Menumbunhkembangkan pendidikan karakter peserta didik dengan pembiasaan seperti mengawali aktifitas pembelajaran dengan berdoa, saling menghargai pendapat ketika berdiskusi, memberikan kata-kata positif untuk teman sebangku/sekelas, memberikan pujian, menyampaikan permohonaan maaf jika melakukan kesalahan baik sengaja maupun tidak dan terakhir membudayakan budaya lokal untuk mentransformasikan pendidikan karakter peserta didik.
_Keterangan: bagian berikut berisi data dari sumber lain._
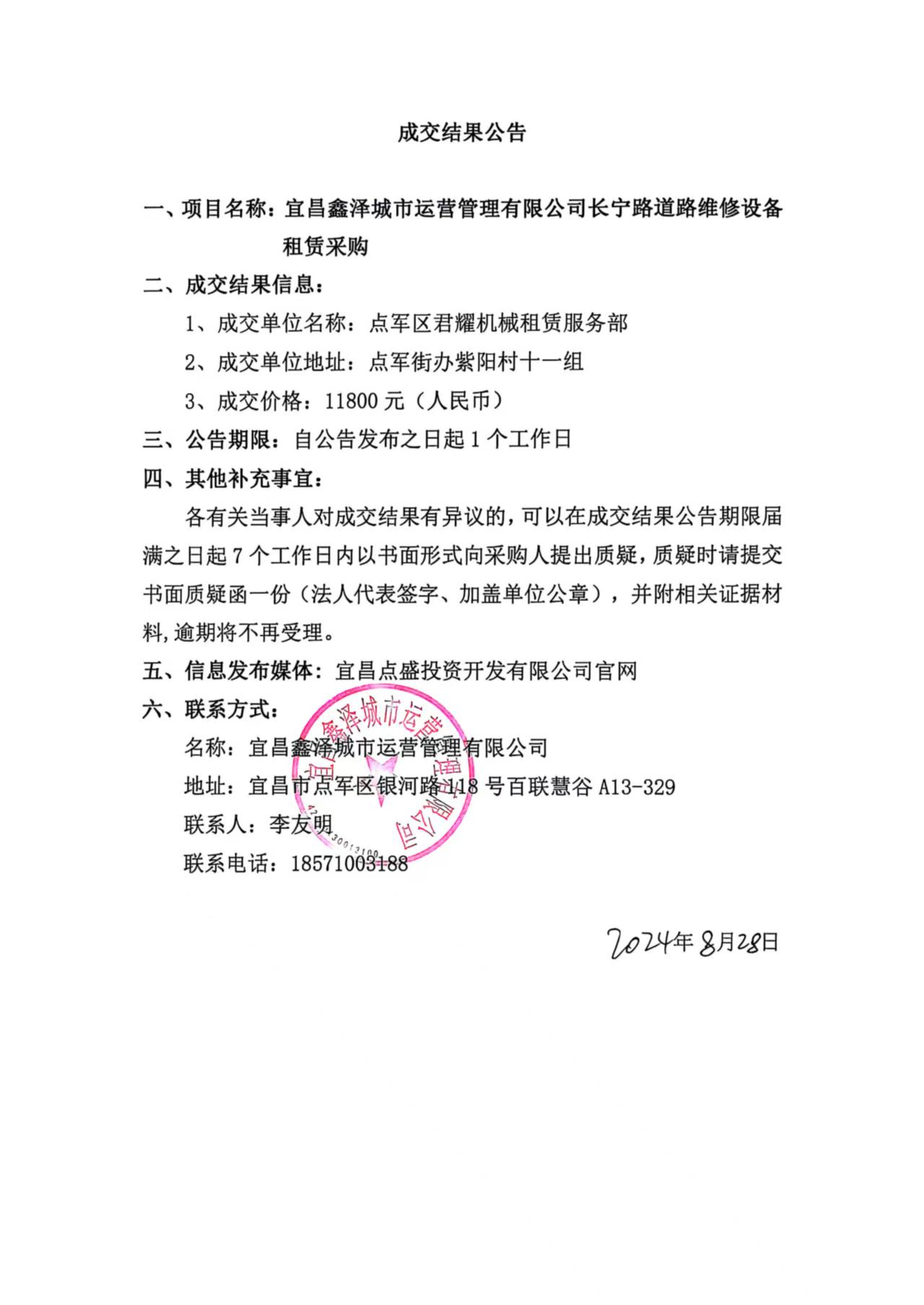長寧路道路維修設(shè)備租賃采購成交公告

Untuk mengetahui karakteristik siswa, saya akan melakukan asesmen diagnosis mengenai potensi, minat, bakat, dan cara belajar siswa.

Dalam pembelajaran, saya akan lebih banyak memposisikan diri sebagai fasilitator yang mengarahkan anak mengembangkan potensi dirinya, dengan memberikan berbagai sumber belajar dan cara belajar yang beragam. Siswa juga akan lebih sering diajak berkomunikasi tentang keinginannya dalam pembelajaran, hambatan yang ditemui, dan mendiskusikan cara mengatasi hambatan tersebut.

Demikian kesimpulan dan refleksi penulis mengenai pemikiran-pemikiran Ki Hajar Dewantara pada modul 1.1.

Iya sahabat edukasi, itulah tadi kesimpulan dan refleksi saya mengenai pemikiran KHD, Semoga bermanfaat.